[DATA RECORDS Boundary: Start]

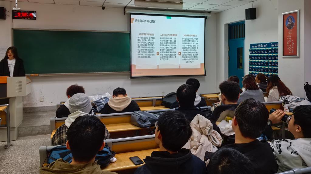 电子科学与技术2401团支部在团支书的带领下,系统回顾了新中国成立76年来的辉煌成就:从封闭落后走向开放创新,中国实现了从农业大国向工业大国的转变,正稳步迈入创新驱动发展新阶段;从温饱不足到全面建成小康社会,人民生活水平显著提升,建成了全球规模最大的社会保障体系。这些凝聚着数代人奋斗心血的伟大成就,激励着当代青年以实干精神续写国家发展新篇章。
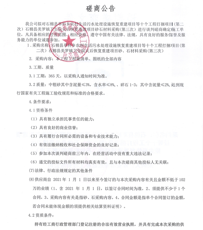 石棉縣草科鄉(xiāng)農(nóng)村生活污水處理設(shè)施恢復(fù)重建項(xiàng)目等十個(gè)工程打捆項(xiàng)目(第二次)、石棉縣美羅鎮(zhèn)衛(wèi)生院災(zāi)后恢復(fù)重建項(xiàng)目砂石材料采購(第三次)磋商公告
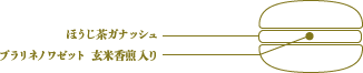 シェフ小山が生み出したICA(インターナショナル・チョコレート・アワーズ)2014の出品作品であるタブレットショコラ「玄米茶(ほうじ茶&玄米)」から着想を得たマカロン。特殊な製法で、一番緑茶を中心からまんべんなく焙じ、ほんのり甘さを感じる上品な香りと新鮮さの残る旨みを引き出した鹿児島産のほうじ茶をホワイトチョコレートのガナッシュに練り込んで、センターにはカリッとした食感と芳ばしさを宿した玄米香煎入りのプラリネノワゼットを忍ばせました。ほうじ茶の特長である“芳ばしさ”と“深い甘み”を最大限に表現した一品です。
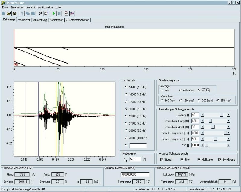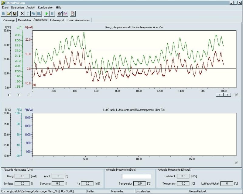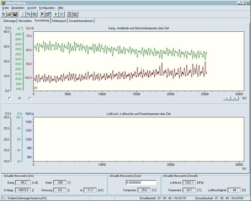 For example a screen shot of a test of an older watch. The two lines in the diagram show the rate and amplitude over the time. You can see the changing of the amplitude (a result of change in the power transmission) and as a result of this, also the changing of the rate (?Anisochronism? in German). The time interval here is 25000 seconds (7hours). It is not necessary for the test that the watch has a loss of more than 90 sec a day. It is only interesting to see if the rate will be constant -90 sec a day.
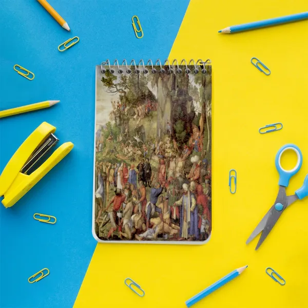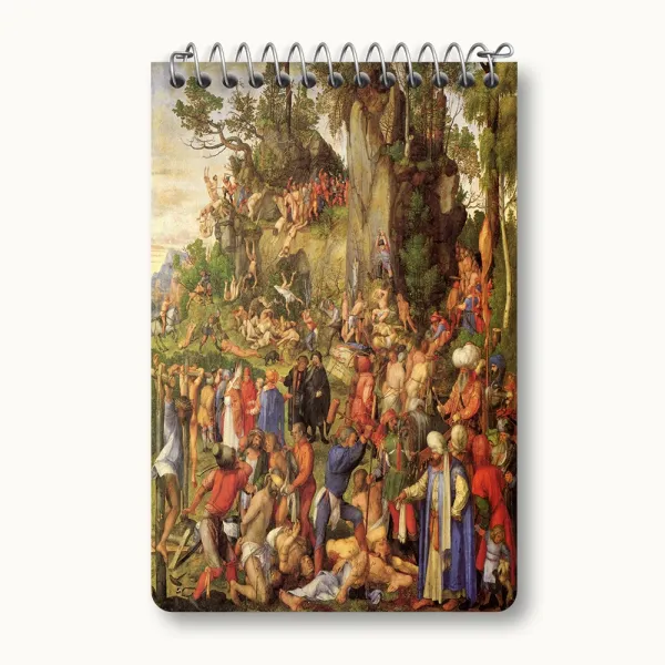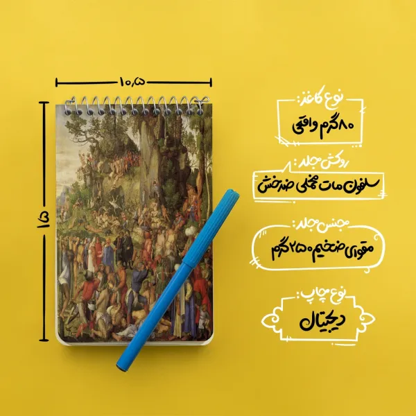 برند خندالو در زمینه تولید انواع دفاتر فانتزی و تحصیلی فعالیت میکند که به دلیل جذابیت ظاهری و طرح های متنوع طرفداران زیادی دارد. دفتر یادداشت خندالو طرح نقاشی شهادت ده هزار نفر اثر آلبرشت دورر محصولی مناسب برای همه عاشقان لوازم التحریر است و همچنین همه کسانی که بنا به موقعیت تحصیل یا شغلشان با دفتر و نوشت افزار زیاد سر و کار دارند. در تولید دفتر یادداشت خندالو طرح نقاشی شهادت ده هزار نفر اثر آلبرشت دورر از نوع صحافی فنر مارپیچ استفاده شده که در این نوع صحافی برگهها به راحتی چرخیده و یا بیرون آورده می شوند. دفتر های خندالو دارای جلد انعطاف پذیر از جنس مقوای گلاسه 250 گرم با روکش سلفون مات مخملی است که به شما امکان میدهد از دفتر خود بدون اینکه نگرانی از شکستن یا خراب شدن جلد را داشته باشید استفاده کنید و همچنین در این دفاتر از کاغذ 80 گرم با کیفیت استفاده شده که باعث میشود هنگام نوشتن به خوبی جوهر قلم بر روی صفحه نشسته و از خط خوردگیها جلوگیری کند. دفتر یادداشت خندالو با جنس و دوام مناسب، برگه های کاملاً سفید و خطوط طوسی دقیق را داراست که انسان را به نوشتن منظم و زیبا ترغیب میکند. طراحی کاملاً مناسب این دفاتر، به همراه کیفیت بالا، از آن یک محصول مورد علاقه و قابل اعتماد برای همه مقاطع تحصیلی میسازد. دفتر یادداشت خندالو طرح نقاشی شهادت ده هزار نفر اثر آلبرشت دورر انتخابی هوشمندانه و مناسب برای افرادی است که به دنبال دفتری با کیفیت و کاربرد عالی هستند. این دفتر، همراه خوبی برای شما در تمام مراحل تحصیل و کار خواهد بود و تجربهای لذتبخش از نوشتن و آموختن را به شما هدیه میدهد.
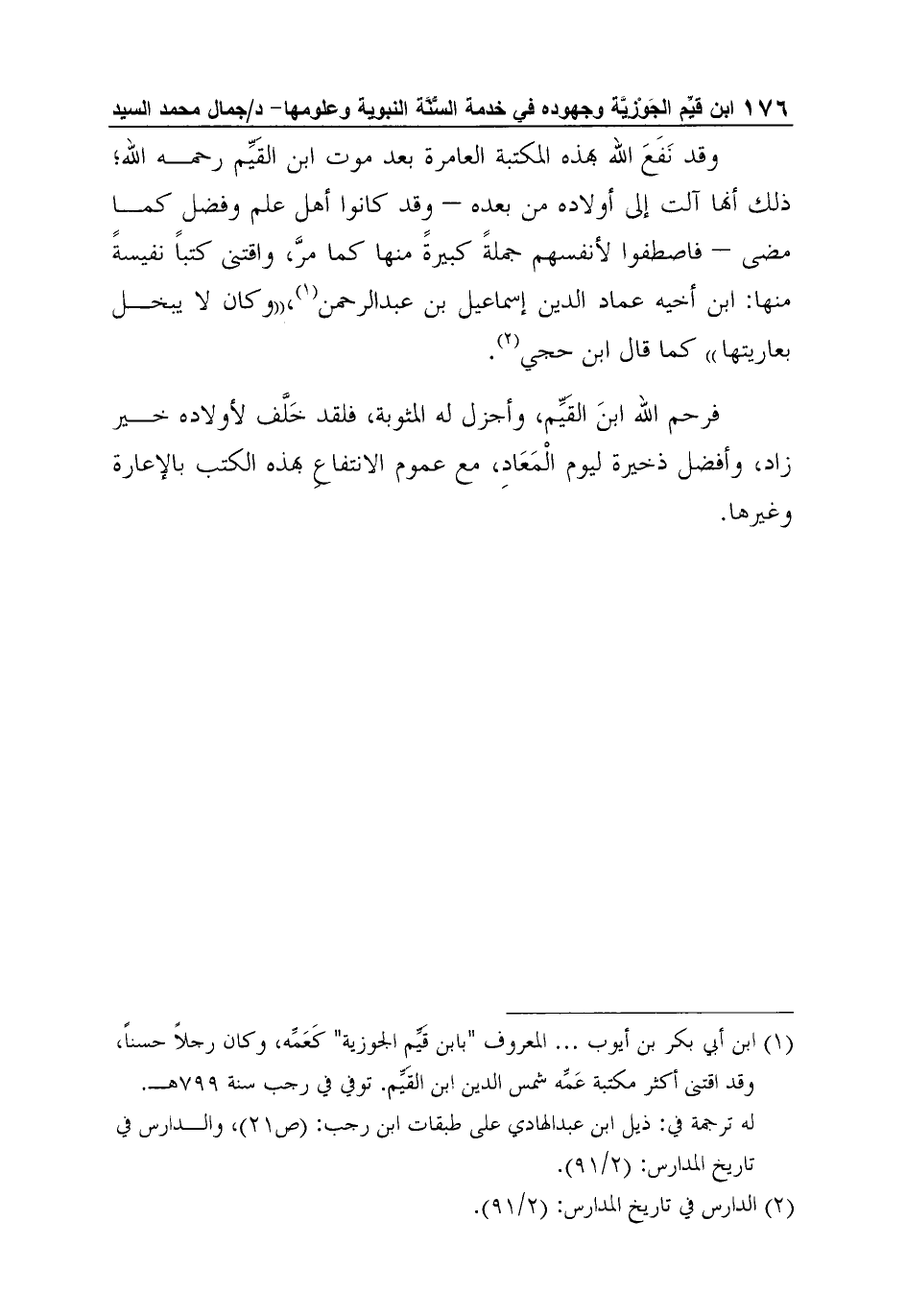 فرحم الله ابنَ القَيِّم، وأجزل له المثوبة، فلقد خَلَّف لأولاده خير زاد، وأفضل ذخيرة ليوم الْمَعَادِ، مع عموم الانتفاعِ بهذه الكتب بالإعارة وغيرها.
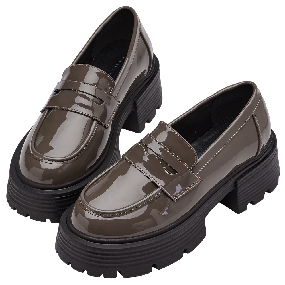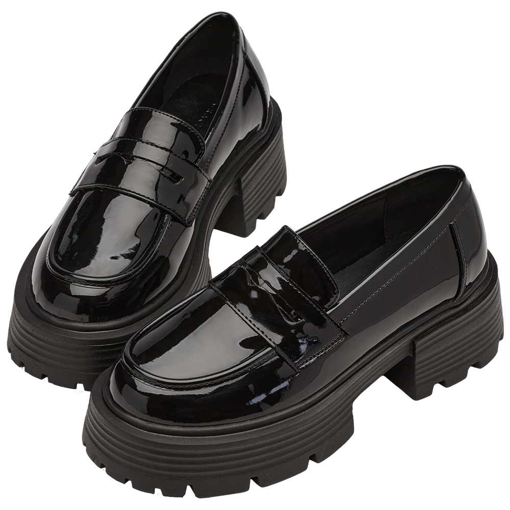 經典馬銜扣輕量厚底樂福鞋 黑漆
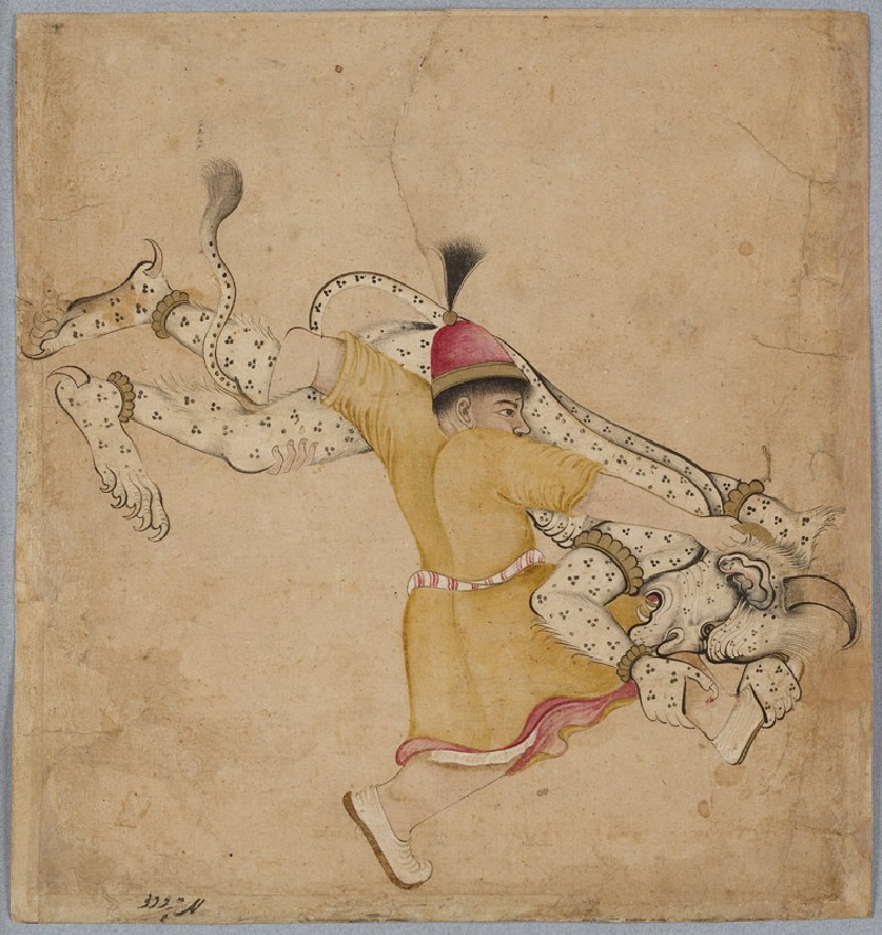 A stocky hero wrestles a fierce div (demon), lifting and overturning him. Overcoming demons was a speciality of Rustam, a hero of the Persian Shahnama epic, but this unassuming figure lacks his usual war-like accoutrements. This coloured drawing closely follows in reverse a 15th century Turcoman composition found in one of the famous Siyah Qalam album paintings in the Topkapi Library, Istanbul.
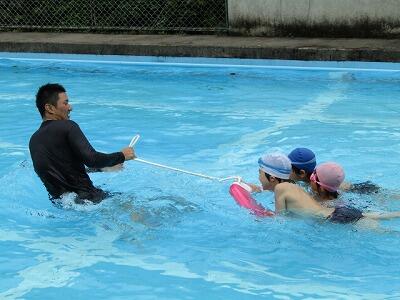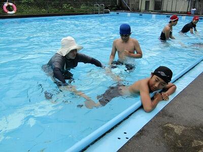 梅雨まっただ中、雨模様の毎日ですが、気温が少しずつ上がってきて、水泳指導がやっと本格化してきました。今日は、3・4年、5・6年がプールに入りました。3・4年は、水中宝探し・だるま浮き・クラゲ浮き・大の字浮き等水に慣れる運動を楽しそうにやっていました。5・6年はさすがに泳ぎが上手く、ふし浮き・けのび・クロール・平泳ぎと本格的な泳ぎの練習をしていました。7月には村の水泳大会もあることから、これから益々練習に熱が入ることでしょう。
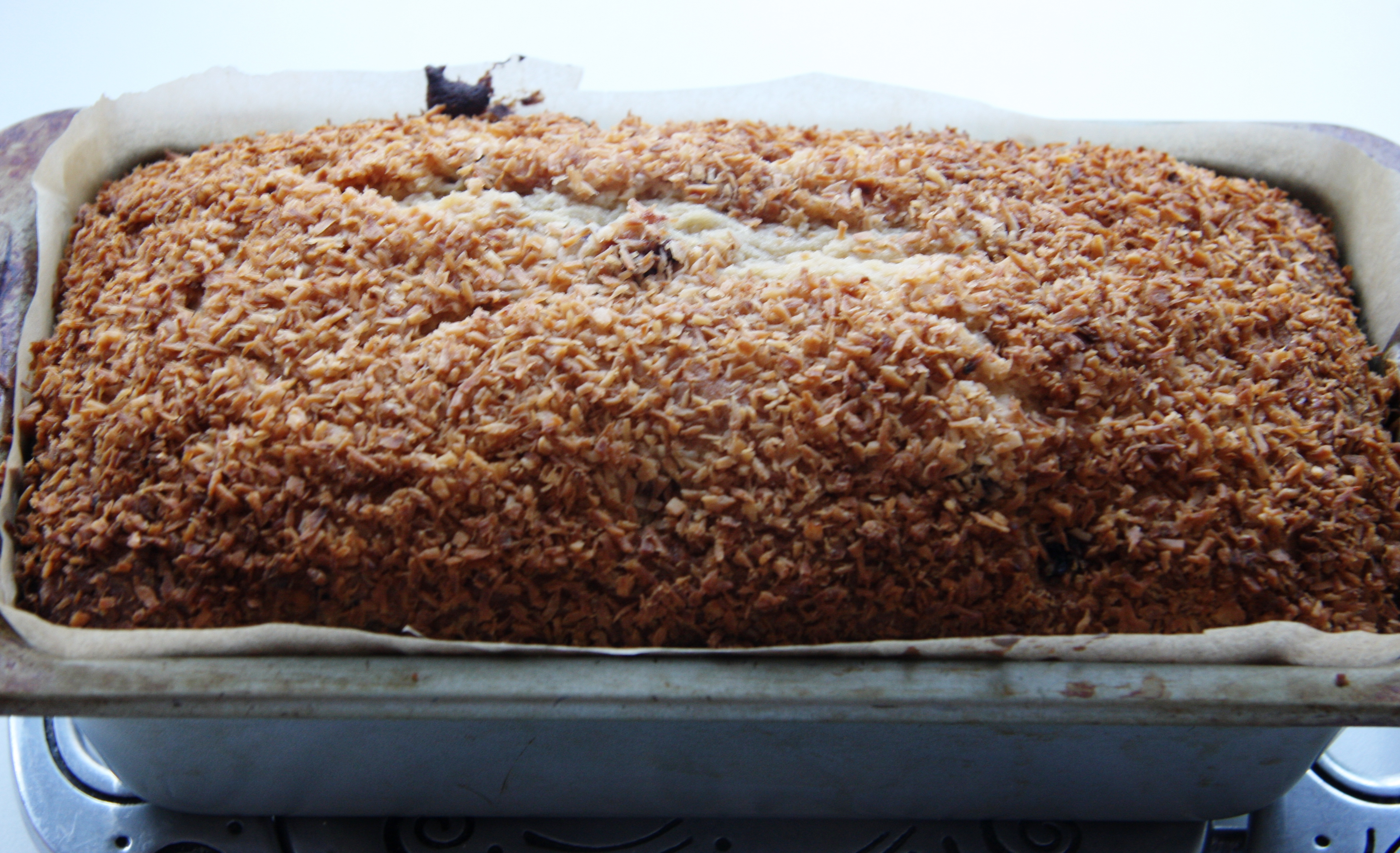 Bake for around 50-60 minutes but check it after about 40 minutes. If the coconut is browning too quickly cover the loaf with aluminium foil. The loaf is ready when it is well browned, firm to the touch and a skewer inserted into the middle comes out clean.
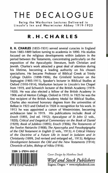 R.H. Charles was born August 6, 1855 in Cookstown, Co. Tyrone. He was educated at Belfast Academy, Queen's College Belfast (Classics, 1874-80), and Trinity College Dublin (Classics and Theology). Charles was ordained a deacon in 1883 and priest in 1884. He married Mary Lilias, 1886; they had no children. He served several curacies in England from 1883-89 before turning to academia in 1890. His studies focused on the religious developments within Judaism in the period between the Testaments, concentrating particularly on the exposition of the Apocalyptic literature, both Christian and Jewish. Charles's work attracted a great deal of attention during his lifetime, becoming a leading authority on his chosen specialties. He became Professor of Biblical Greek at Trinity College Dublin (1898-1906), the Grinfield Lecturer on the Septuagint (1905-11), Speaker's Lecturer in Biblical Studies at Oxford (1910-14), Warburton Lecturer in Lincoln's Inn Chapel from 1919, and Schweich Lecturer of the British Academy (1919-20). He was also elected a fellow of the British Academy in 1906 and of Merton College, Oxford in 1910. In 1925 he was the first recipient of the British Academy Medal for Biblical Studies. Charles also received honorary degrees from the universities of Belfast in 1923 and Oxford in 1928 in recognition for his work. In 1913 he was appointed a canon of Westminister, becoming archdeacon later in 1919. He died at his home in Little Cloisters on January 30, 1931. His publications include: Book of Enoch (1893, 2nd ed. 1912); Apocalypse of St John ( 2 vols., 1920); Critical and Exegetical Commentary on the Book of Daniel (1929); Book of Jubilees (1895); Enoch (1906); The Testaments of the Twelve Patriarchs (1908); The Apocrypha and Pseudepigrapha of the Old Testament in English (2 vols., 1913); A Critical History of the Doctrine of a Future Life in Israel in Judaism and in Christianity"" (1899, 2nd revised and enlarged ed., 1913); ""Religious Development between the Old and the New Testaments"" (1914); ""Chronicle of John, Bishop of Nikiu"" (1916).

[DATA RECORDS Boundary: End]

| WHAT IS REQUIRED |
Copy word for word the span of the records above that begins at the line with "For example a" and ends at the line with "經典馬銜扣輕量厚底樂福鞋 黑漆", including those two lines but not the pictures.

| EXPECTED ANSWER |
 For example a screen shot of a test of an older watch. The two lines in the diagram show the rate and amplitude over the time. You can see the changing of the amplitude (a result of change in the power transmission) and as a result of this, also the changing of the rate (?Anisochronism? in German). The time interval here is 25000 seconds (7hours). It is not necessary for the test that the watch has a loss of more than 90 sec a day. It is only interesting to see if the rate will be constant -90 sec a day.
 برند خندالو در زمینه تولید انواع دفاتر فانتزی و تحصیلی فعالیت میکند که به دلیل جذابیت ظاهری و طرح های متنوع طرفداران زیادی دارد. دفتر یادداشت خندالو طرح نقاشی شهادت ده هزار نفر اثر آلبرشت دورر محصولی مناسب برای همه عاشقان لوازم التحریر است و همچنین همه کسانی که بنا به موقعیت تحصیل یا شغلشان با دفتر و نوشت افزار زیاد سر و کار دارند. در تولید دفتر یادداشت خندالو طرح نقاشی شهادت ده هزار نفر اثر آلبرشت دورر از نوع صحافی فنر مارپیچ استفاده شده که در این نوع صحافی برگهها به راحتی چرخیده و یا بیرون آورده می شوند. دفتر های خندالو دارای جلد انعطاف پذیر از جنس مقوای گلاسه 250 گرم با روکش سلفون مات مخملی است که به شما امکان میدهد از دفتر خود بدون اینکه نگرانی از شکستن یا خراب شدن جلد را داشته باشید استفاده کنید و همچنین در این دفاتر از کاغذ 80 گرم با کیفیت استفاده شده که باعث میشود هنگام نوشتن به خوبی جوهر قلم بر روی صفحه نشسته و از خط خوردگیها جلوگیری کند. دفتر یادداشت خندالو با جنس و دوام مناسب، برگه های کاملاً سفید و خطوط طوسی دقیق را داراست که انسان را به نوشتن منظم و زیبا ترغیب میکند. طراحی کاملاً مناسب این دفاتر، به همراه کیفیت بالا، از آن یک محصول مورد علاقه و قابل اعتماد برای همه مقاطع تحصیلی میسازد. دفتر یادداشت خندالو طرح نقاشی شهادت ده هزار نفر اثر آلبرشت دورر انتخابی هوشمندانه و مناسب برای افرادی است که به دنبال دفتری با کیفیت و کاربرد عالی هستند. این دفتر، همراه خوبی برای شما در تمام مراحل تحصیل و کار خواهد بود و تجربهای لذتبخش از نوشتن و آموختن را به شما هدیه میدهد.
 فرحم الله ابنَ القَيِّم، وأجزل له المثوبة، فلقد خَلَّف لأولاده خير زاد، وأفضل ذخيرة ليوم الْمَعَادِ، مع عموم الانتفاعِ بهذه الكتب بالإعارة وغيرها.
 經典馬銜扣輕量厚底樂福鞋 黑漆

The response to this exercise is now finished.